Address the person appropriately
Another crucial part of a person’s identity is their name – it is how we identify one another. Therefore, making assumptions about which title or name a person would like to be addressed by – even if you think your assumption is the polite choice – can be disrespectful to their identity, which in turn damages dignity.
This is particularly important for the elderly, many of whom have certain expectations about how people should refer to them. So always ask your client how they would like to be addressed. Similarly, address them with a polite, amiable voice and don’t adopt a patronising tone. They are adults, not children.
Make food look appealing and tasty
For many elderly people, food and mealtimes can be the highlight of their day. Imagine looking forward to something all day only to be presented with a plate that looks unappealing. Involve your client when creating meal plans – they can offer suggestions, including their favourite dishes. Endeavour to become a competent cook, buy fresh, quality ingredients, and make the effort to ensure food is well-presented. Don’t forget we have a food and nutrition group on Carer Community to get lots of good ideas from!
Respect personal space and possessions
The relationship between you and your client should be carefully balanced. It should be a partnership and you will need to take into consideration that you are living in their home. It’s very important to respect their space and possessions.
Don’t move or go through people’s personal belongings without permission. Even when cleaning, remember to respect their possessions and space – ask them if it’s okay for you to move things while you clean. The simple act of asking makes people feel respected and more open to giving you permission and instills trust. Ensure you put everything back where it was when you are finished.
Hygiene and personal care
As a professional, you will be used to seeing people unclothed. For your client, however, this may be uncomfortable. If you are assisting them with personal care, ensure you do so with tact. Understand that they may be self-conscious and very self-aware when undressed.

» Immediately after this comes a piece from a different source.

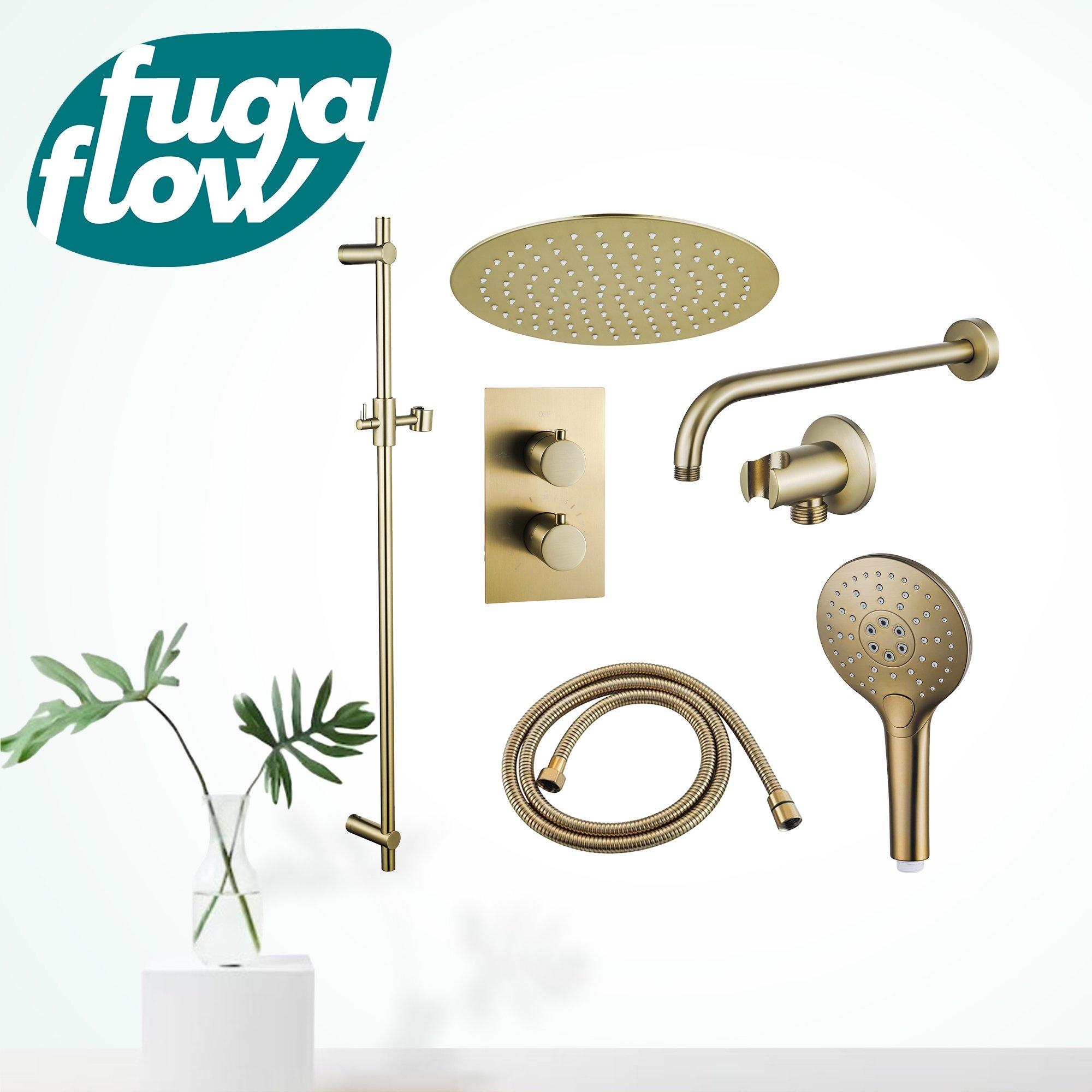 FugaFlow Eccelente Sobrado Badkamer Inbouw Regendoucheset - thermostatisch - wandarm -glijstang - 25cm hoofddouche - handdouche rond- geborsteld messing PVD

Make sure you ask for consent before doing anything. Explain what you are doing as you are doing to promote involvement. Engage clients in conversation to make the situation less uncomfortable and always ensure their dignity by covering areas of their body that you are not washing.
Promote social activities
Without a social life, people can feel cut off from the world and isolated. This can be damaging to their sense of identity and dignity. Sometimes this can result in feeling as though they are simply a burden. Having a social life instills people with a sense of purpose and satisfaction, thus improving their quality of life. Try to create opportunities for your client to engage in social activities that are meaningful to them; like having contact with family, eating out with friends, attending clubs they enjoy, etc.
Engage in conversation
Life as a professional carer can be hectic but for an elderly person, it can sometimes be slow or uneventful. Conversation can meet a need for social interaction and can really lift a person’s mood. Let them lead if they want to, and make sure you are actively listening to them. Let them see that their opinions matter to you. It will promote a sense of self-worth.